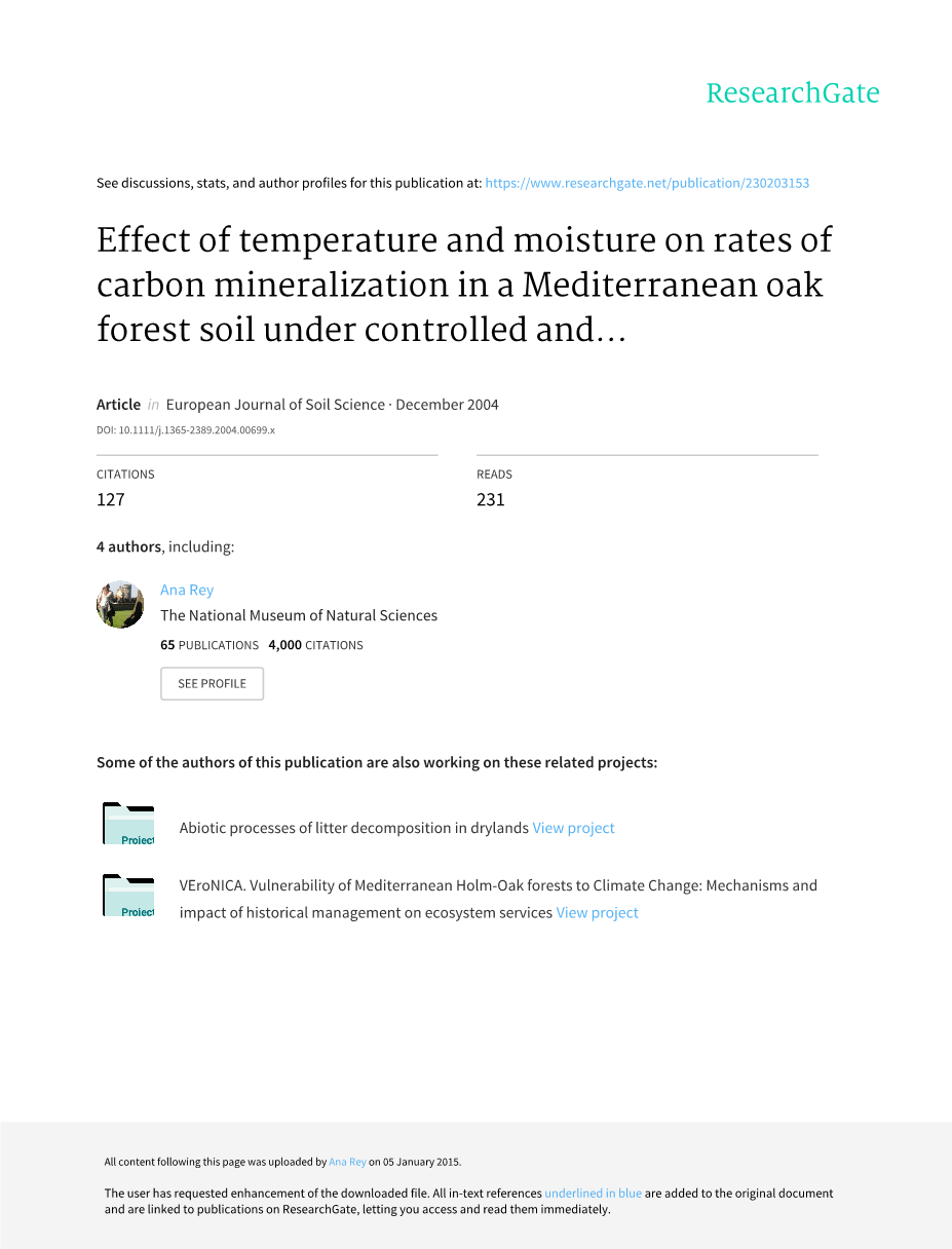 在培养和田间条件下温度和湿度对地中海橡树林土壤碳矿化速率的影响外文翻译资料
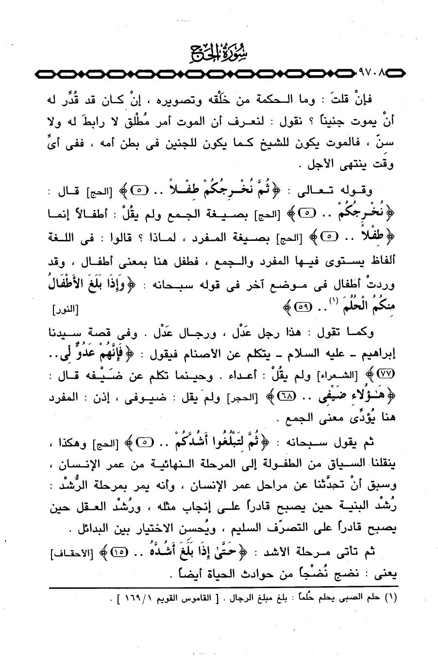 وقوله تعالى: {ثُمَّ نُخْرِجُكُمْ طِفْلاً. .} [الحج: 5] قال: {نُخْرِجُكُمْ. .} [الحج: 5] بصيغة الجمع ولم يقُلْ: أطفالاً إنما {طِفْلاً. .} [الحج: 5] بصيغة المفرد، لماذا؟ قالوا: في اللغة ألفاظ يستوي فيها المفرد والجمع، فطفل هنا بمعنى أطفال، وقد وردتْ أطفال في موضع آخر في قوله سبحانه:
==============================
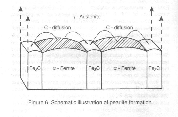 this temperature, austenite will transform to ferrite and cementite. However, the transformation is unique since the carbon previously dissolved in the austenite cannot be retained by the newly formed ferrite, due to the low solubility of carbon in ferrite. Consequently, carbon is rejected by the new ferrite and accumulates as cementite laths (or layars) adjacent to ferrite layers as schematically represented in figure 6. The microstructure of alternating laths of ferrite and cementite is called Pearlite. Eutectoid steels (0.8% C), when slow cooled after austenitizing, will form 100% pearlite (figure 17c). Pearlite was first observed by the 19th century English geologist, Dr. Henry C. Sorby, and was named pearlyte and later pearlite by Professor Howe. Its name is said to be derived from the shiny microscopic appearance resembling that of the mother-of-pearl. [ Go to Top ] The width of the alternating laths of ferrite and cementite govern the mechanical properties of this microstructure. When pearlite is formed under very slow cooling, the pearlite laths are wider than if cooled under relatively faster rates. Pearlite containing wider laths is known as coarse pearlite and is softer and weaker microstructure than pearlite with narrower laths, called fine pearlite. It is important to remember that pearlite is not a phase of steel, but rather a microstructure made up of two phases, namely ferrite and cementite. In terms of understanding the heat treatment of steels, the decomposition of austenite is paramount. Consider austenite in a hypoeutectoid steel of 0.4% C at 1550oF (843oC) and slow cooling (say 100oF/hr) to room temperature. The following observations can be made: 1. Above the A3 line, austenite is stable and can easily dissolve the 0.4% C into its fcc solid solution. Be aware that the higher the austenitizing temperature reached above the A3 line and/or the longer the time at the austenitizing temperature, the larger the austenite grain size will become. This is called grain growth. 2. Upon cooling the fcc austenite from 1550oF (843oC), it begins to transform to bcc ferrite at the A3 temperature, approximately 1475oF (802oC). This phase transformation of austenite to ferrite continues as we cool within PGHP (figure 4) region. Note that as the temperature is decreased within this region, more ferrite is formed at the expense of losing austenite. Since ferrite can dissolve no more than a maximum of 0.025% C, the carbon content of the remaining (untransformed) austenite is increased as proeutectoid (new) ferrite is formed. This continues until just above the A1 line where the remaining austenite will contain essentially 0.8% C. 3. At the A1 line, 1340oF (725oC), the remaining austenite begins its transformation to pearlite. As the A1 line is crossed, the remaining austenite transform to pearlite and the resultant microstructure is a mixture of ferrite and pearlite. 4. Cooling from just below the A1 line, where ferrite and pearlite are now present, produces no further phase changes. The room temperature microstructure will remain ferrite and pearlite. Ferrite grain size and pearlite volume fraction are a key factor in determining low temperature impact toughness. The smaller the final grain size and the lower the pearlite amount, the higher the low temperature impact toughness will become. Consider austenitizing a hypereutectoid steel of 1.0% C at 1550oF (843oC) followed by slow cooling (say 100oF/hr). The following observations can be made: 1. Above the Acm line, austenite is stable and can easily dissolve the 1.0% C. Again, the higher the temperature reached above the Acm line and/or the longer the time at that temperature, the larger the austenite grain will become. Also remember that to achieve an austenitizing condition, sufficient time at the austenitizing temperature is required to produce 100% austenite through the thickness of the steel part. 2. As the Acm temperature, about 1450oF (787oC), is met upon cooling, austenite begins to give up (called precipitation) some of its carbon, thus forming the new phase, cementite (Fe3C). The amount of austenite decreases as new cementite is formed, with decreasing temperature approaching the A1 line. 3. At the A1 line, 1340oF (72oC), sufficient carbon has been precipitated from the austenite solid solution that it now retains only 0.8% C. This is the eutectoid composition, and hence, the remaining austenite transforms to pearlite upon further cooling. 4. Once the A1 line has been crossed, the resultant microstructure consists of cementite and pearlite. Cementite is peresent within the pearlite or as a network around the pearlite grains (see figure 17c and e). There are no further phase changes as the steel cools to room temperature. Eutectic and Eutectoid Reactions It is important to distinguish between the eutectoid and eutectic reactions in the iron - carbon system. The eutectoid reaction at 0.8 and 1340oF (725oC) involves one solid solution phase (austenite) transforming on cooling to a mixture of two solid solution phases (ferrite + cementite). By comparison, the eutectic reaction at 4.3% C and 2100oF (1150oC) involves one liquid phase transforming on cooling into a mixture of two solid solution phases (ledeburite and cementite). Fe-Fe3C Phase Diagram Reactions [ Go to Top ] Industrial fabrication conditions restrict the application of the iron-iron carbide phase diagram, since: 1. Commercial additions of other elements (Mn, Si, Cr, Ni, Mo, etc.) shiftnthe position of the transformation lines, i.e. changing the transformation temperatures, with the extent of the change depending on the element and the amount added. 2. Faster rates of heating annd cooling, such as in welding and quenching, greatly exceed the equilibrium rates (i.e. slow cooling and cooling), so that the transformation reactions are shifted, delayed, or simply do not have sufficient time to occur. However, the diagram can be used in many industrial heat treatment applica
==============================
Take the material above from the line containing "在培养和田间条件下温度和湿度对地中海橡树林土壤碳矿化速率的影响外文翻译资料" up to and including the line containing "5] بصيغة الجمع" and retype it exactly, without any pictures.

 在培养和田间条件下温度和湿度对地中海橡树林土壤碳矿化速率的影响外文翻译资料
 وقوله تعالى: {ثُمَّ نُخْرِجُكُمْ طِفْلاً. .} [الحج: 5] قال: {نُخْرِجُكُمْ. .} [الحج: 5] بصيغة الجمع ولم يقُلْ: أطفالاً إنما {طِفْلاً. .} [الحج: 5] بصيغة المفرد، لماذا؟ قالوا: في اللغة ألفاظ يستوي فيها المفرد والجمع، فطفل هنا بمعنى أطفال، وقد وردتْ أطفال في موضع آخر في قوله سبحانه:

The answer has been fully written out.